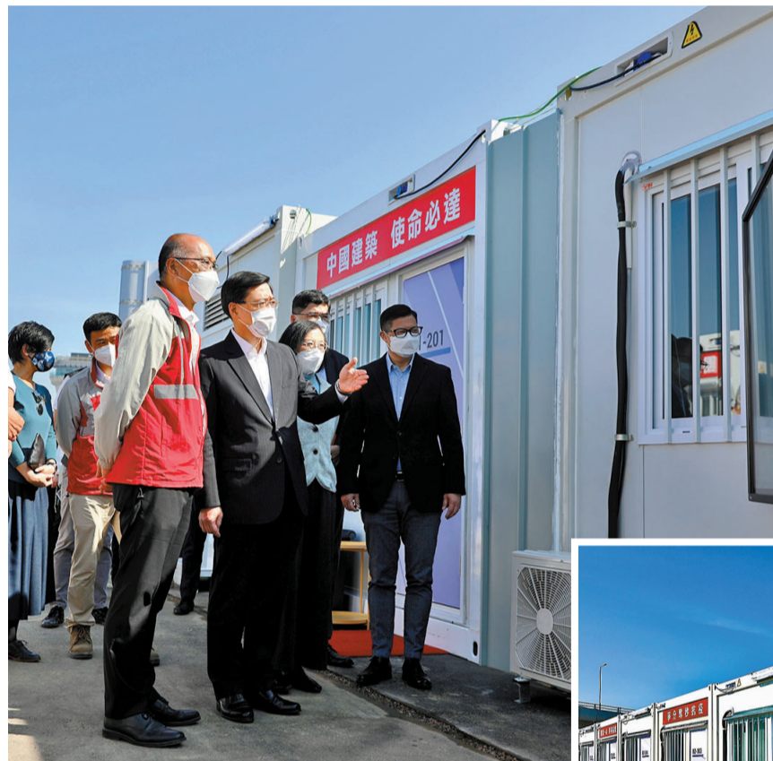
▲李家超巡視港珠澳大橋香港口岸人工島社區隔離設施。

香港文匯報訊(記者 張弦)由中央援建的港珠澳大橋香港口岸人工島社區隔離設施12日舉行交付儀式，再次以兩周的驚人速度建成，是第三個竣工的中央援建社區隔離設施。香港特區政府政務司司長李家超12日上午到場視察接收，並指隔離設施的建成代表着中央全力支持香港特區的抗疫工作。他感謝中央、香港中聯辦和中建集團令隔離設施迅速落成，亦對24小時施工的工程人員全情投入、不眠不休的精神，表示充分肯定和感謝。李家超指人工島設施交付後會即日投入服務，特區政府將用好設施，盡早隔離感染者，盡快穩控疫情。
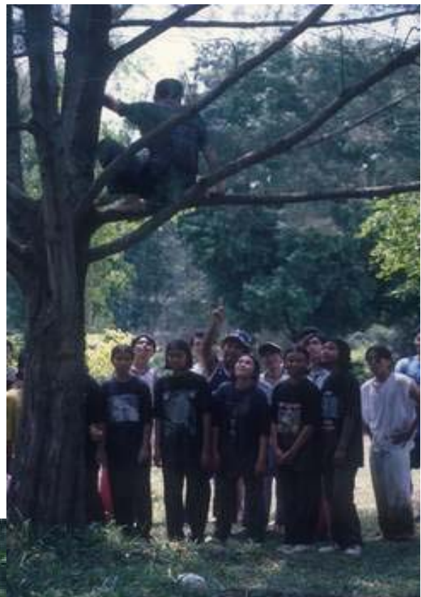
ถือว่าเป็นชนชั้นสูงริ....ลงมา

━━━

§ Task details
Return the whole of the material above exactly, with no picture carried over.

§ Finished exercise
▲李家超巡視港珠澳大橋香港口岸人工島社區隔離設施。

香港文匯報訊(記者 張弦)由中央援建的港珠澳大橋香港口岸人工島社區隔離設施12日舉行交付儀式，再次以兩周的驚人速度建成，是第三個竣工的中央援建社區隔離設施。香港特區政府政務司司長李家超12日上午到場視察接收，並指隔離設施的建成代表着中央全力支持香港特區的抗疫工作。他感謝中央、香港中聯辦和中建集團令隔離設施迅速落成，亦對24小時施工的工程人員全情投入、不眠不休的精神，表示充分肯定和感謝。李家超指人工島設施交付後會即日投入服務，特區政府將用好設施，盡早隔離感染者，盡快穩控疫情。
ถือว่าเป็นชนชั้นสูงริ....ลงมา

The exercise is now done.